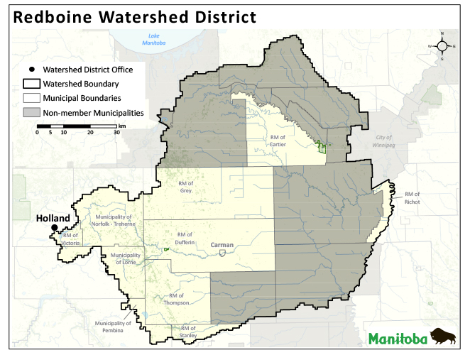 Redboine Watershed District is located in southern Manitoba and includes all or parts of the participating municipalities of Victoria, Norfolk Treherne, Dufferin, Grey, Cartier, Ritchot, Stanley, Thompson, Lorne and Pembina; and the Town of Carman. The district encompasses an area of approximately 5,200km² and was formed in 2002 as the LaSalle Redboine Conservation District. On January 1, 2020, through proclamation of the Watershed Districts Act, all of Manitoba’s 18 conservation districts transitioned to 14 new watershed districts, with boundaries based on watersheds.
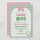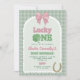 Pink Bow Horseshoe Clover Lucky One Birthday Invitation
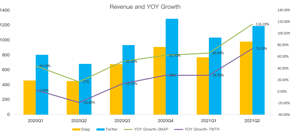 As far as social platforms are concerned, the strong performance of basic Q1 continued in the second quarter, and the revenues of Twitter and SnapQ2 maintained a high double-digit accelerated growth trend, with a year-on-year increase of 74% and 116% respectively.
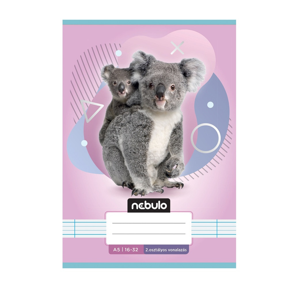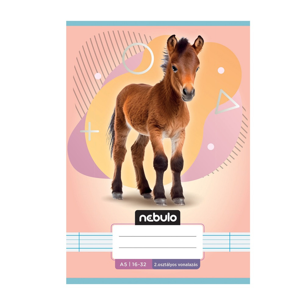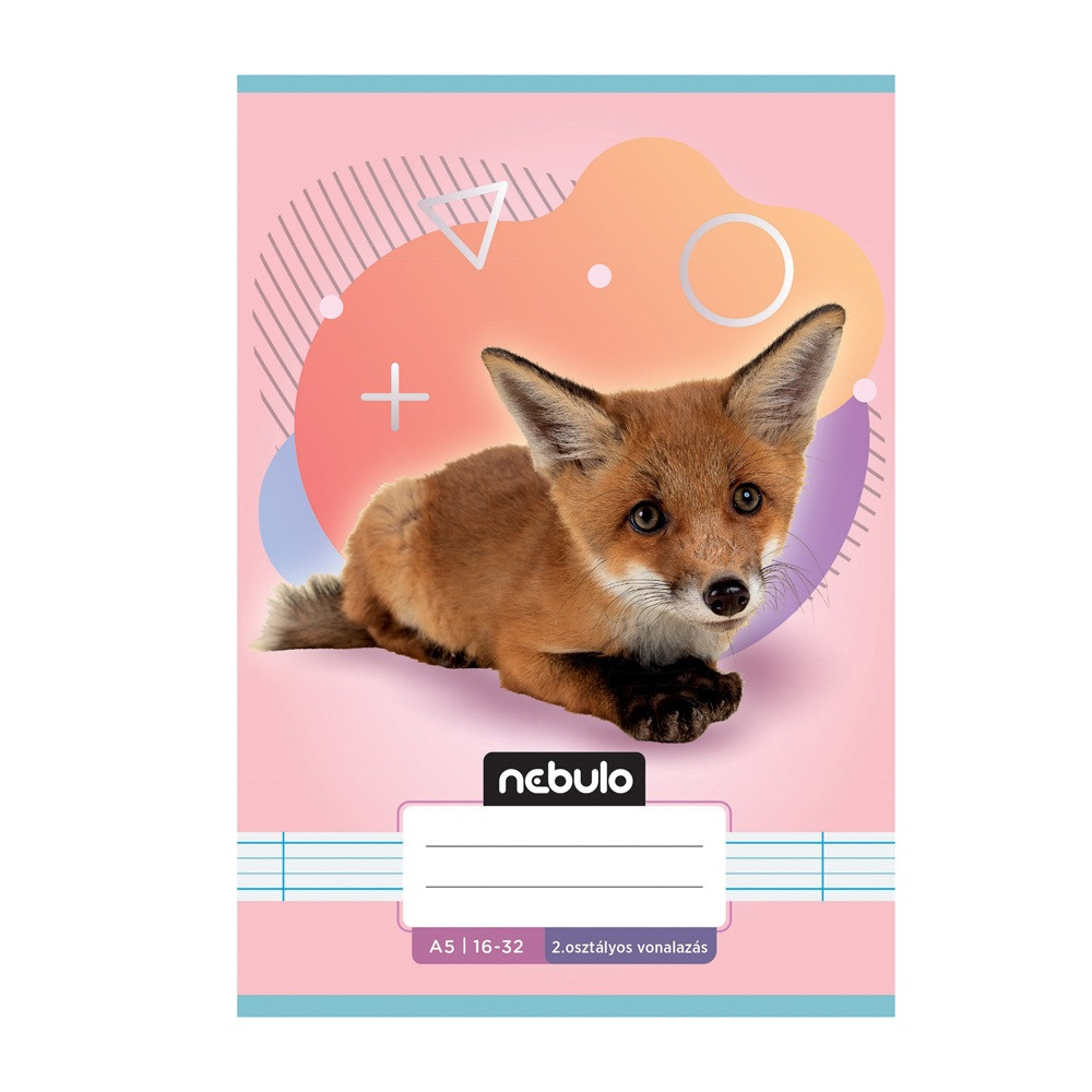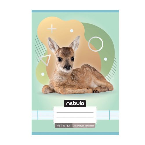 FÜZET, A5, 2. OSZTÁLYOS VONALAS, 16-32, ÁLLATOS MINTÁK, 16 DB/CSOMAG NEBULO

══════

No pictures belong in the output. It should reproduce exactly the lines from the one containing "As far as social" through the end of the data, both ends included.

 As far as social platforms are concerned, the strong performance of basic Q1 continued in the second quarter, and the revenues of Twitter and SnapQ2 maintained a high double-digit accelerated growth trend, with a year-on-year increase of 74% and 116% respectively.
 FÜZET, A5, 2. OSZTÁLYOS VONALAS, 16-32, ÁLLATOS MINTÁK, 16 DB/CSOMAG NEBULO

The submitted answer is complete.